> **PROBLEM TO SOLVE**:
Everything in the data except the pictures belongs in your answer, copied exactly.

> **MATERIAL SUPPLIED**:
+++

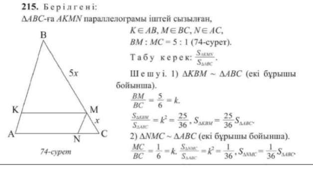Оқулықтан үшбұрыш ұқсастығына есеп шығарады.
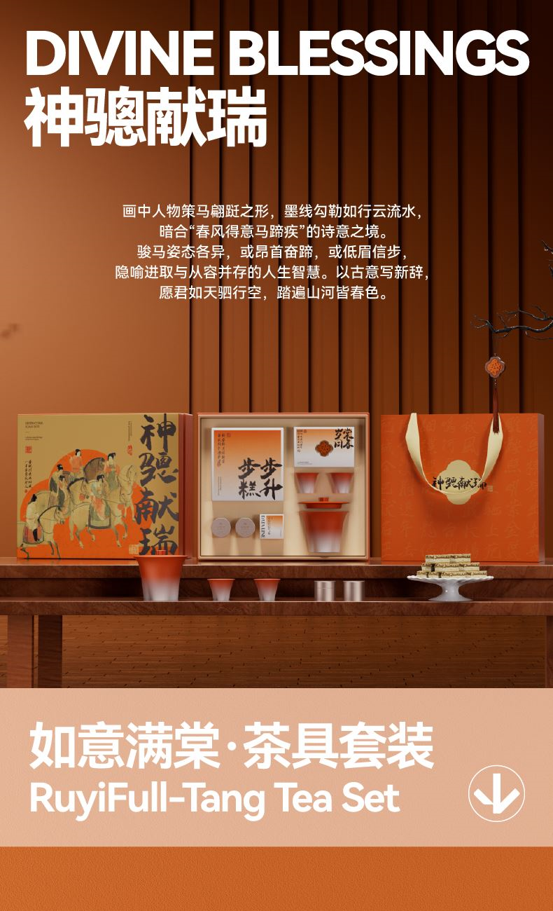 以“神骢献瑞”为引,取意《虢国夫人游春图》中骏马徐行、风华盈路的盛唐气象。马者,乾象天行,寓势如破竹、驰骋万里之志;新春者,万象更始,合纳福迎祥、天地同春之愿。神骢驮载千年文脉与时代新章,以古典笔意勾勒当代吉庆,将诗画中的雍容气度,化为礼盒间流转的东方韵律。
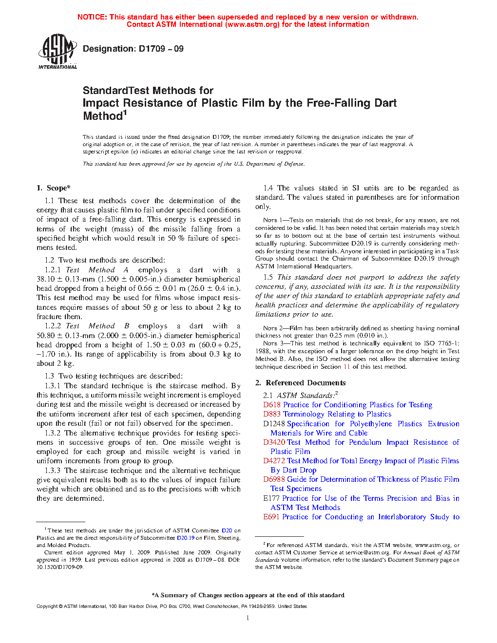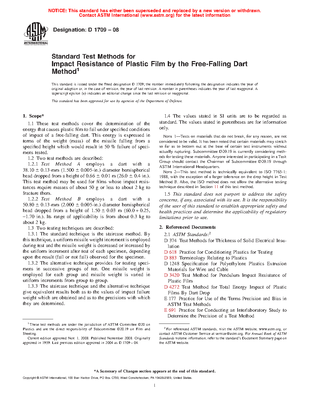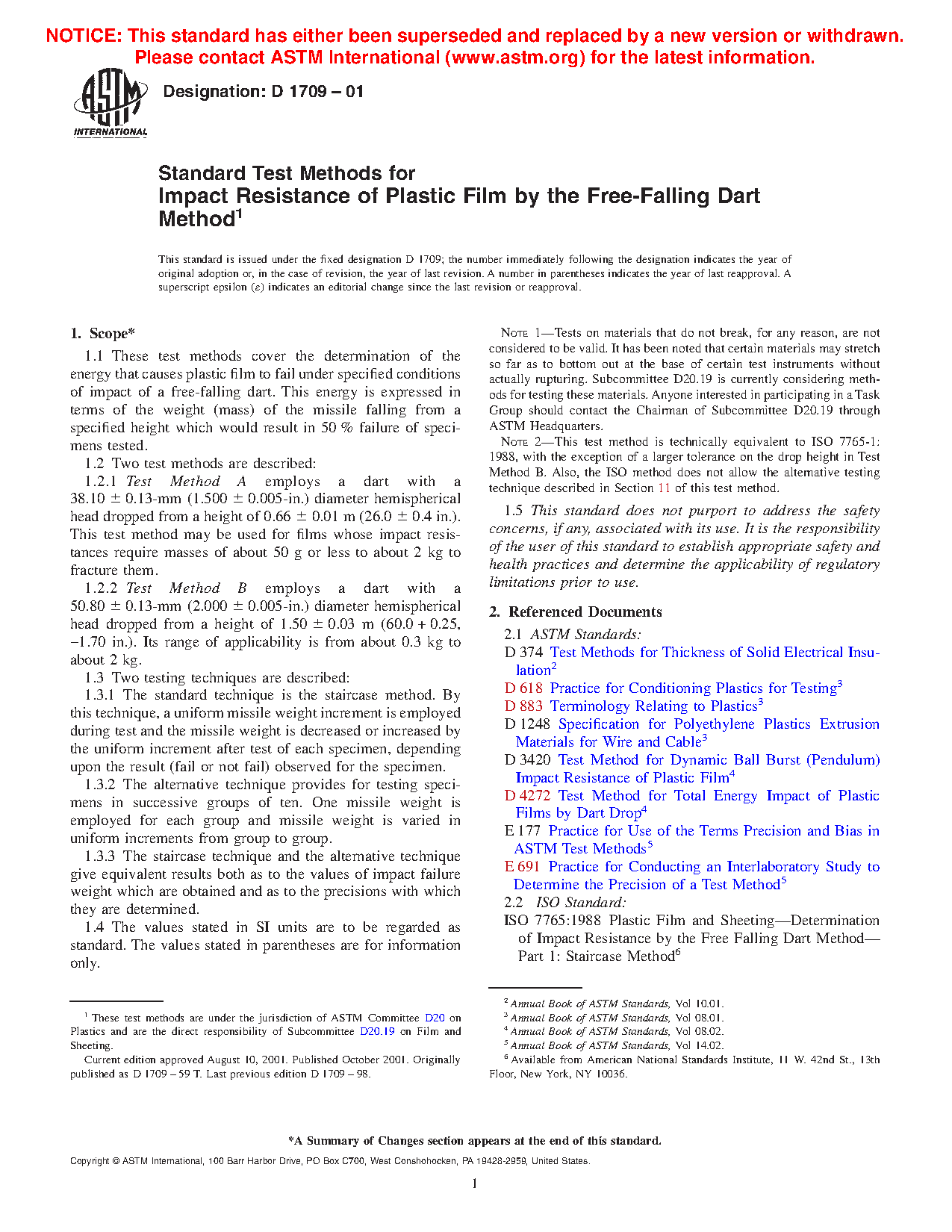 Note 3: This test method is technically equivalent to ISO 7765-1:1988, with the exception of a larger tolerance on the drop height in Test Method B, smaller tolerances on the dart diameters for Test Methods A and B, and the requirement for a vented dart well in 5.1.1. Also, the ISO method does not allow the alternative testing technique described in Section 11 of this test method.
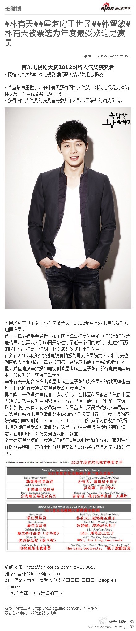 【YuMin】「120828」『新闻』吾非池鱼亲翻译的韩媒各大网站SDA…
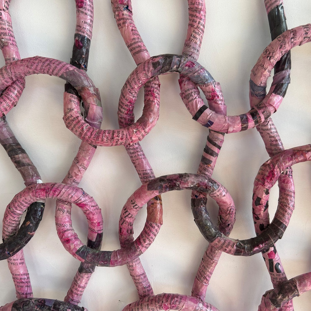 In ihren neuen Arbeiten widmet sich die Vorarlberger Künstlerin Rita Singer den komplexen Krisen und globalen Verflechtungen unserer Gegenwart. Unter dem Titel „Verstrickungen“ zeigt sie Werke, die aus Alltagsmaterialien – vor allem Tageszeitungen – sowie textilen und plastischen Elementen entstehen. Gerade jene Zeitungen, die viele von uns tagtäglich am Frühstückstisch lesen, dienen ihr als Ausgangspunkt für eine künstlerische Auseinandersetzung mit Krieg, Pandemie, Klimakrise und weltweiten Fluchtbewegungen.
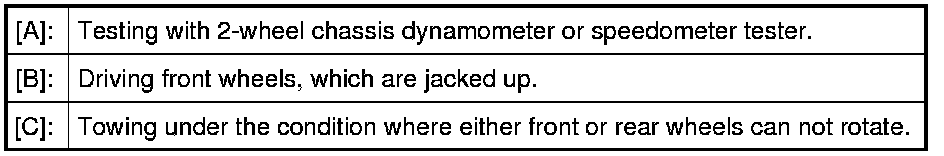 - Never perform service work with the vehicle in any of the conditions [A], [B] or [C] shown below. If the 4WD-auto or 4WD-lock mode is selected, the vehicle will move since the front wheels drive the rear wheels or the rear wheels drive the front wheels. If the 2WD mode is selected, the coupling in the drive-train will be damaged since there will be a difference in speed between the front and rear wheels.

+++

> **EXERCISE OUTPUT**:
Оқулықтан үшбұрыш ұқсастығына есеп шығарады.
 以“神骢献瑞”为引,取意《虢国夫人游春图》中骏马徐行、风华盈路的盛唐气象。马者,乾象天行,寓势如破竹、驰骋万里之志;新春者,万象更始,合纳福迎祥、天地同春之愿。神骢驮载千年文脉与时代新章,以古典笔意勾勒当代吉庆,将诗画中的雍容气度,化为礼盒间流转的东方韵律。
 Note 3: This test method is technically equivalent to ISO 7765-1:1988, with the exception of a larger tolerance on the drop height in Test Method B, smaller tolerances on the dart diameters for Test Methods A and B, and the requirement for a vented dart well in 5.1.1. Also, the ISO method does not allow the alternative testing technique described in Section 11 of this test method.
 【YuMin】「120828」『新闻』吾非池鱼亲翻译的韩媒各大网站SDA…
 In ihren neuen Arbeiten widmet sich die Vorarlberger Künstlerin Rita Singer den komplexen Krisen und globalen Verflechtungen unserer Gegenwart. Unter dem Titel „Verstrickungen“ zeigt sie Werke, die aus Alltagsmaterialien – vor allem Tageszeitungen – sowie textilen und plastischen Elementen entstehen. Gerade jene Zeitungen, die viele von uns tagtäglich am Frühstückstisch lesen, dienen ihr als Ausgangspunkt für eine künstlerische Auseinandersetzung mit Krieg, Pandemie, Klimakrise und weltweiten Fluchtbewegungen.
 - Never perform service work with the vehicle in any of the conditions [A], [B] or [C] shown below. If the 4WD-auto or 4WD-lock mode is selected, the vehicle will move since the front wheels drive the rear wheels or the rear wheels drive the front wheels. If the 2WD mode is selected, the coupling in the drive-train will be damaged since there will be a difference in speed between the front and rear wheels.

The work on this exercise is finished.